It proposes a number of possible recreational measures, which can be broken down into those which would establish a fixed minimum size of either 35 or 36 inches, and those which would create a so-called “slot” limit that allows anglers to keep bass falling within a relatively narrow size range, and requires them to release all other fish that fall either below or above the designated legal “slot.”

Slot limits have long been promoted by conservation-minded anglers, who believe that there would be benefits to protecting the larger, more fecund females, and focus harvest on smaller fish.  Such anglers point to the supposed success of slot limits in southern red drum and snook fisheries, and argue that such limits would be beneficial for striped bass as well.

Maine adopted a sort of slot limit in the late 1990s, which it didn’t abandon until 2015, after Addendum IV to Amendment 6 to the Interstate Fishery Management Plan for Atlantic Striped Bass required all coastal states to reduce striped bass fishing mortality by 25 percent.  At that point Maine joined New York and the other New England states in adopting a 28-inch minimum size.  

Maine’s erstwhile slot, which allowed anglers to take one striped bass per day that measured between either 20 to 26 inches, or one measuring at least 40 inches, was anything but a conservation measure.  Because of the detrimental impact of taking immature, 20 to 26-inch fish on the striped bass stock, Maine was forced to reduce its bag limit to a single fish at a time when the ASMFC still permitted all other states to maintain a 2-fish bag limit and a 28-inch minimum size.

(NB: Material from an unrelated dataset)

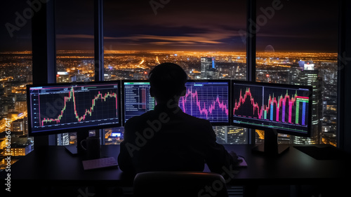 Investment and trading in stock market on the computer screen.Stock chart concept.Financial Data Analysts.Crypto Currency graphic. Successful trader.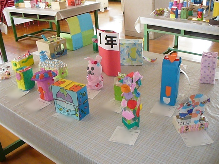 アイデアいっぱいの工作が勢ぞろいで、見学に来た子供たちも、ほかの学年の作品を見ながら「おー」とが「すごいねー」と感嘆の声を上げていました。

The slot limits proposed by Addendum VI don’t create the same problems as the former Maine slot, as none of the coastal slot limits proposed feature a minimum size of less than 28 inches (proposed Chesapeake Bay slots do, but those must be considered separately, as Chesapeake anglers have been traditionally permitted to harvest smaller, and often immature, striped bass).

It’s not clear what anglers really think about slot limits for stripers. 



Moving farther south, 24 anglers in Connecticut spoke in favor of fixed size limits, while 13 favored slots.  In New York, which saw the largest turnout of any state, 17 anglers spoke in favor of a fixed 35-inch minimum size, while just 2 supported a slot.  The ASMFC’s meeting summary noted that, in New York, 

“The shore and private angler sector generally favors a 35” minimum size while the for-hire/party boat sector generally does not support a 35” minimum size.”
Slots fared somewhat better in New Jersey, with 11 persons speaking in support, although the majority—16 anglers—still preferred a fixed minimum size.  Delaware saw few anglers turn out; two spoke in favor or a fixed minimum size, none supported slots.

Only Rhode Island and Pennsylvania saw slot limits garner more support than a fixed minimum size.  The support was strongest in Rhode Island, where 17 persons spoke in favor of slots, and 4 supported a fixed minimum size.  In Pennsylvania, three anglers supported slots, and one a fixed minimum.

The debate took a different tone in southern states, with much of the focus on Chesapeake Bay.  No one commented on specific proposals at the North Carolina meeting.

Even so, the coastwide trend in angler preference is clear:  A simple 35- or 36-inch minimum size was preferred over a slot limit by a ratio of roughly 2 to 1.  Much of the support for a slot limit came from the for-hire community, which was concerned with their customers’ ability to catch and take home legal fish.

The State of New York, like a few other states, also offered an on-line survey to anglers, to give those who didn’t attend the ASMFC meetings a chance to voice their opinions.  To the surprise of many who attended the public meetings, the preliminary results of the New York survey were completely opposite the opinions expressed at the New York meetings, and of the majority of meetings throughout the Northeast and upper Mid-Atlantic:  About three-quarters of the respondents supported some sort of slot, with a 28-35-inch slot the most popular, while just one-fourth of the respondents favored a fixed minimum size limit.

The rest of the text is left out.